# Problem to solve:
Write out exactly the lines from the one containing "Normal Is Just" to the end of the material, both ends included, and nothing else. Leave pictures out.

BEGIN Input

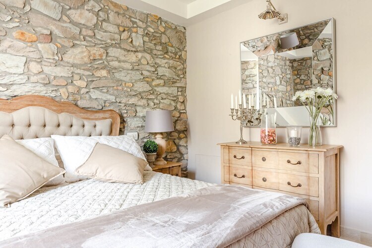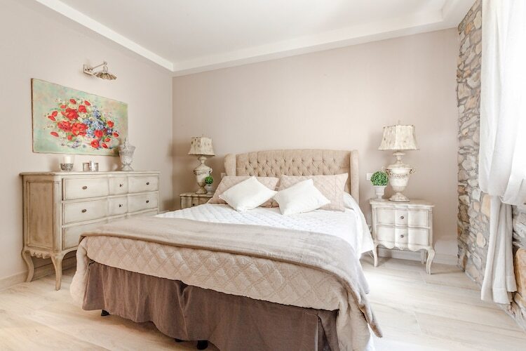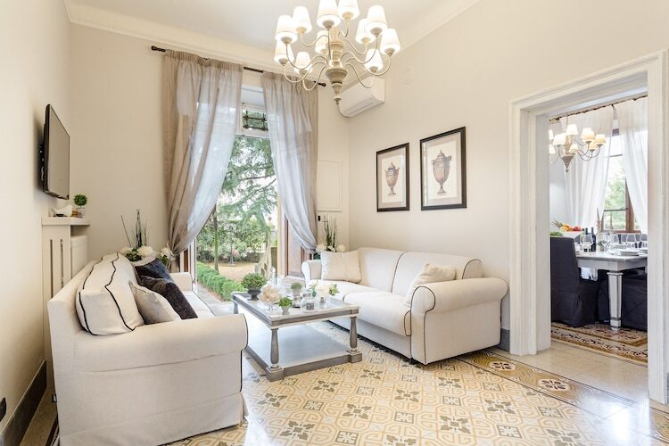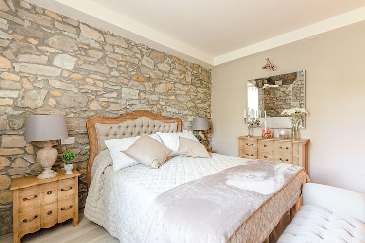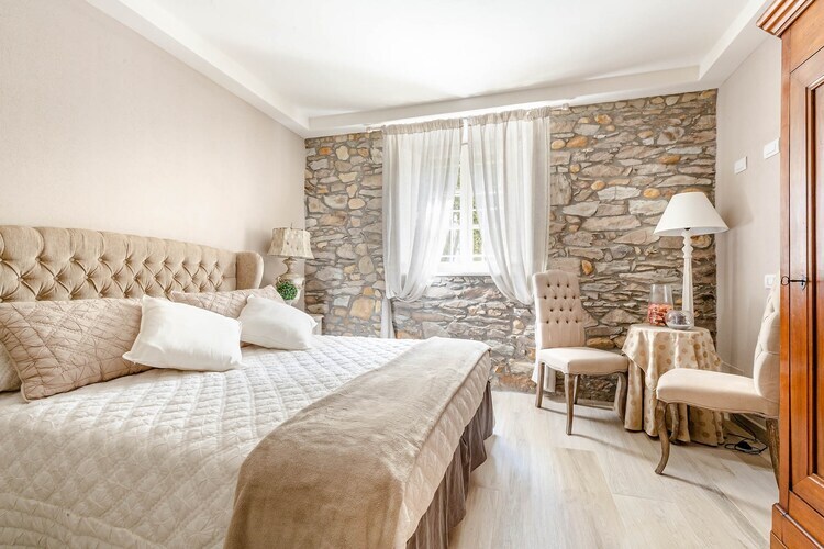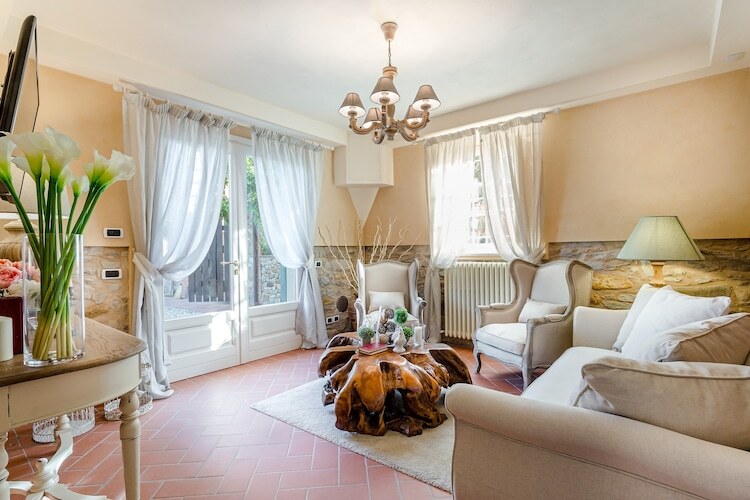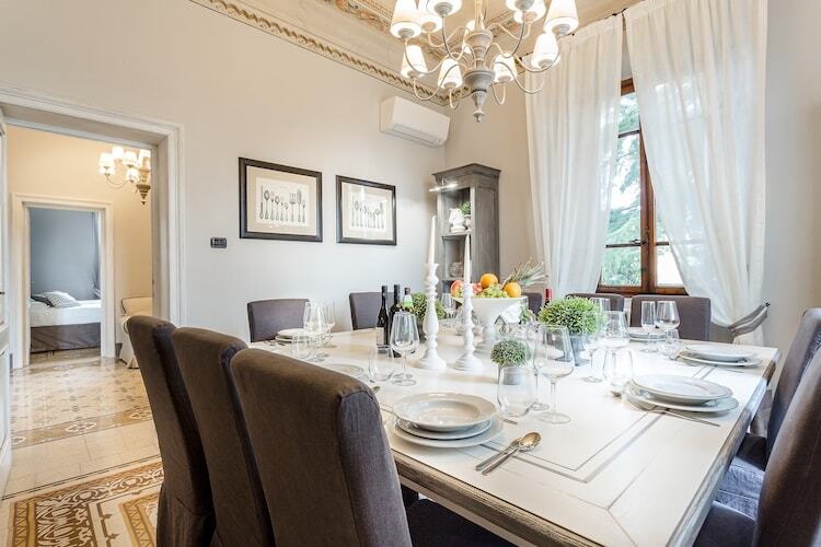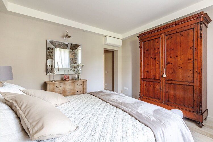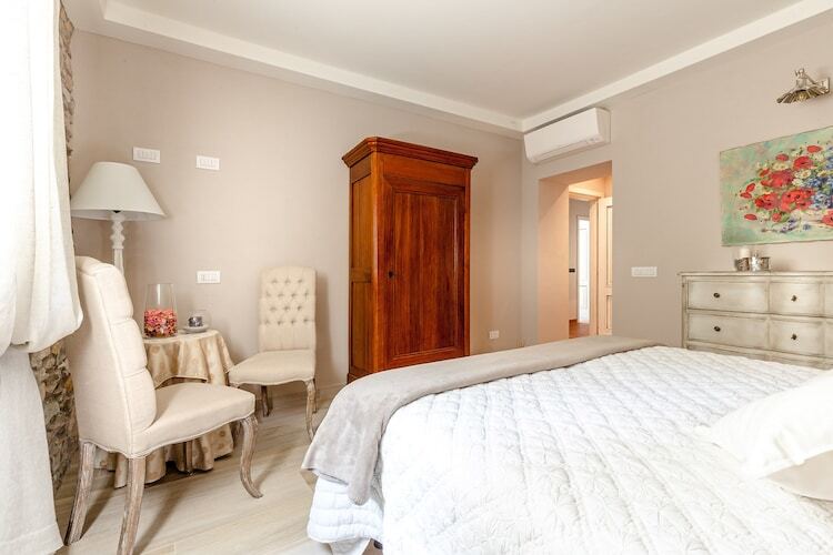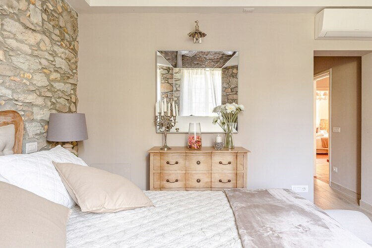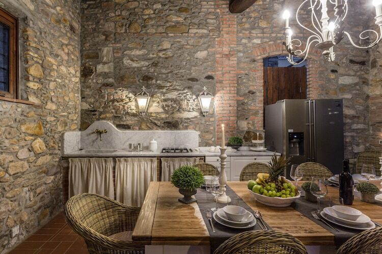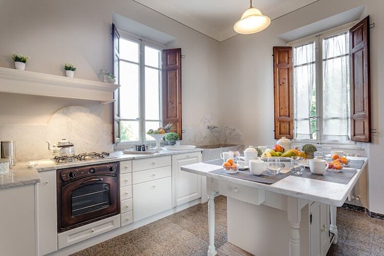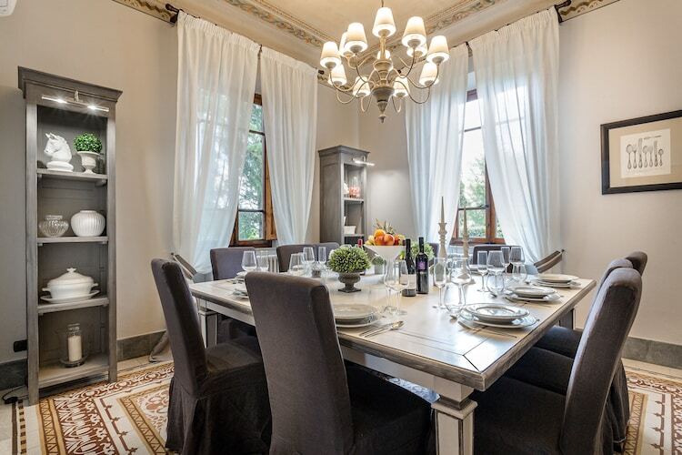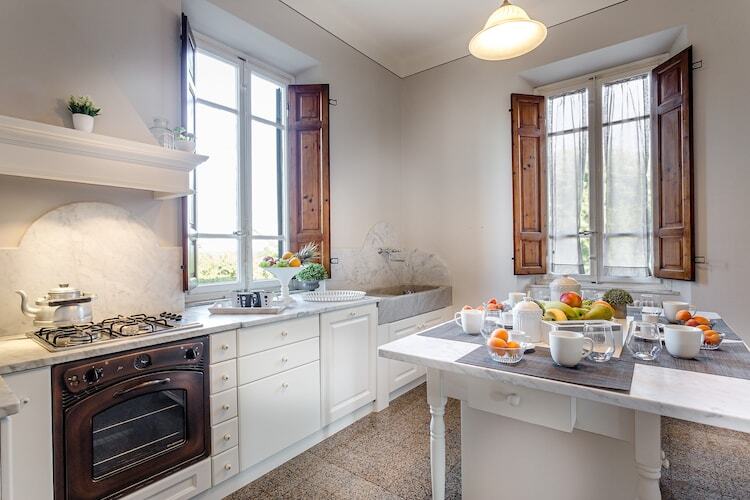 À l'intérieur, l'aménagement ouvert présente des tissus aux tons gris et des lustres en cristal encadrant de grandes fenêtres qui mettent en valeur les collines vallonnées. Imprégné du charme d'une retraite champêtre, le centre-ville animé de Lucques n'est qu'à 12 kilomètres. Détendez-vous au bord de la piscine d'eau salée, savourez le chant des oiseaux sur une chaise longue ou retirez-vous dans le salon extérieur ombragé. Profitez de fruits frais et d'une bouteille de vin offerts à la table à manger extérieure pour dix personnes, idéale pour les réunions, avec un barbecue pour les dîners au coucher du soleil. Les murs en pierre et le toit en tuiles évoquent l'essence d'une villa d'époque, tandis que l'intérieur éblouit par ses couleurs, ses textures et ses œuvres d'art raffinées.
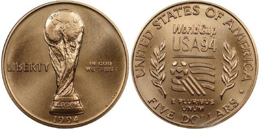 美国世界杯共发行了3枚纪念币,一金一银一镍。
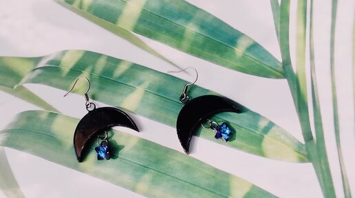 Серьги чёрный Месяц из цветного стекла в технике Тиффани
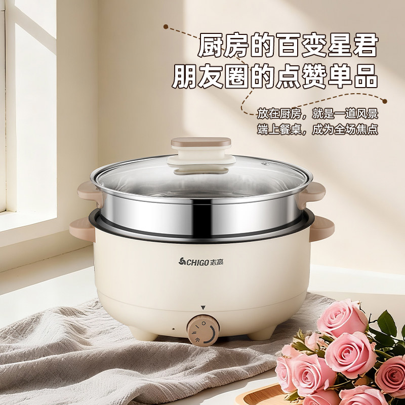 志高电煮锅多功能宿舍学生锅家用小型电热火锅泡面蒸煮煎炒一体锅
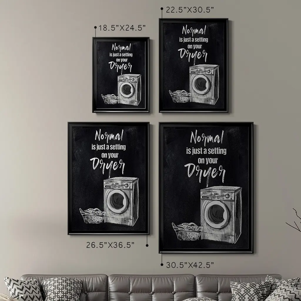 Normal Is Just A Setting Premium Framed Print - Ready to Hang A Premium Framed Print created to last. Framed in distressed wood and available in an array of sizes and colors Featuring a beveled a solid wood stretcher bar, each piece comes ready to hand 4 SIZES AVAILABLE 30.5''X42.5'' - Overall Size 26.5'X36.5'' - Overall Size 22.5''x30.5'' - Overall Size 18.5''x24.5'' - Overall Size Each piece is made to order. Each piece comes with hanging hardware. Made in the USA Ready to Hang
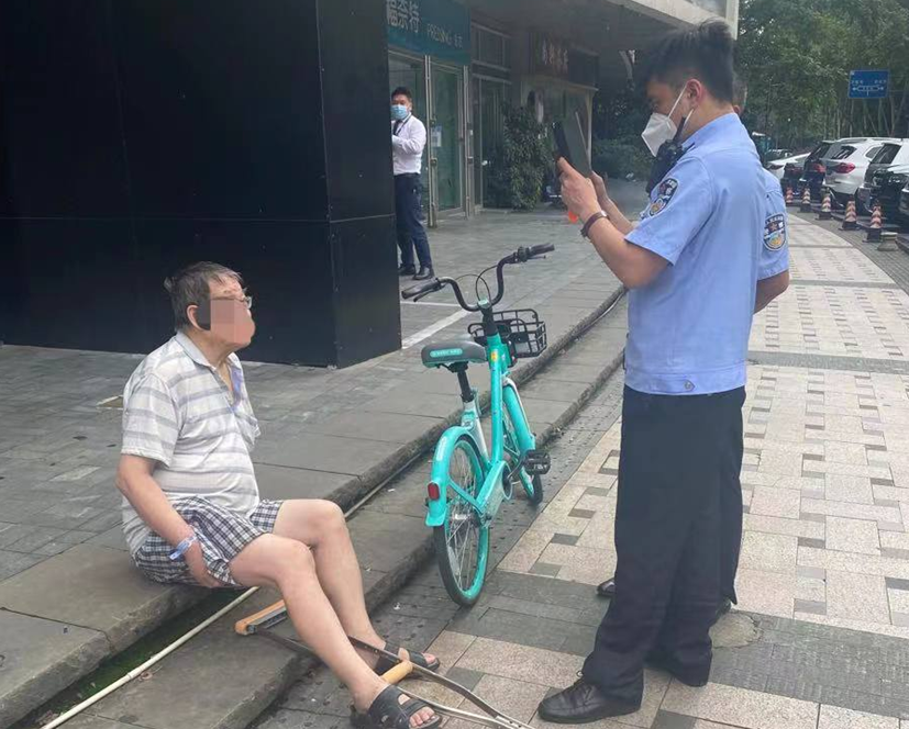 等缓了一阵,在对链家两个小哥表示感谢后,老人自顾自拄着拐又朝街对面走去,但没走几步,老人又是一个趔趄,所幸旁边停得有共享单车,老人撑了一下,才没再摔一跤。
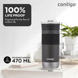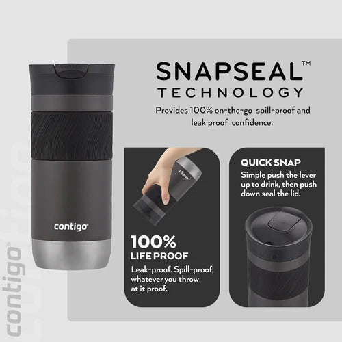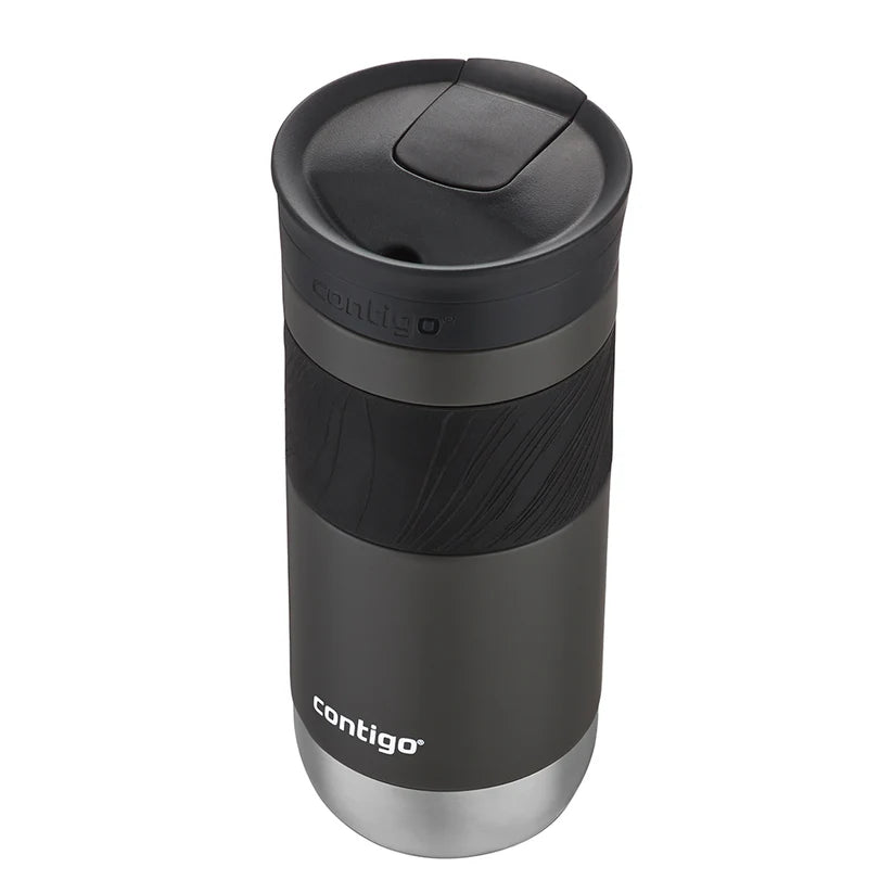 Taking beverages on-the-go is an important part of a busy lifestyle, but it can be frustrating when a travel mug leaks, leaving a stain on a favorite shirt or blouse. The SNAPSEAL™ Travel Mug gives confidence that stains won’t slow down the day. With a quick snap of the lid, the mug seals for 100% leak-proof performance. The Contigo SNAPSEAL™ Travel Mug is designed for an easy, one-handed drinking experience. Pop the top to drink (there’s no lid to unscrew or remove) and then snap it closed after sipping to seal the leak-proof lid. Tea or coffee stays hot for up to 6 hours or cold for up to 12 thanks to THERMALOCK™ vacuum insulation. This mug is designed to fit in most car cupholders and features a stylish grip to easily grab and go. This stainless-steel travel mug has a top rack dishwasher-safe lid and the body is hand-wash only.

END Input

# Task response:
 Normal Is Just A Setting Premium Framed Print - Ready to Hang A Premium Framed Print created to last. Framed in distressed wood and available in an array of sizes and colors Featuring a beveled a solid wood stretcher bar, each piece comes ready to hand 4 SIZES AVAILABLE 30.5''X42.5'' - Overall Size 26.5'X36.5'' - Overall Size 22.5''x30.5'' - Overall Size 18.5''x24.5'' - Overall Size Each piece is made to order. Each piece comes with hanging hardware. Made in the USA Ready to Hang
 等缓了一阵,在对链家两个小哥表示感谢后,老人自顾自拄着拐又朝街对面走去,但没走几步,老人又是一个趔趄,所幸旁边停得有共享单车,老人撑了一下,才没再摔一跤。
 Taking beverages on-the-go is an important part of a busy lifestyle, but it can be frustrating when a travel mug leaks, leaving a stain on a favorite shirt or blouse. The SNAPSEAL™ Travel Mug gives confidence that stains won’t slow down the day. With a quick snap of the lid, the mug seals for 100% leak-proof performance. The Contigo SNAPSEAL™ Travel Mug is designed for an easy, one-handed drinking experience. Pop the top to drink (there’s no lid to unscrew or remove) and then snap it closed after sipping to seal the leak-proof lid. Tea or coffee stays hot for up to 6 hours or cold for up to 12 thanks to THERMALOCK™ vacuum insulation. This mug is designed to fit in most car cupholders and features a stylish grip to easily grab and go. This stainless-steel travel mug has a top rack dishwasher-safe lid and the body is hand-wash only.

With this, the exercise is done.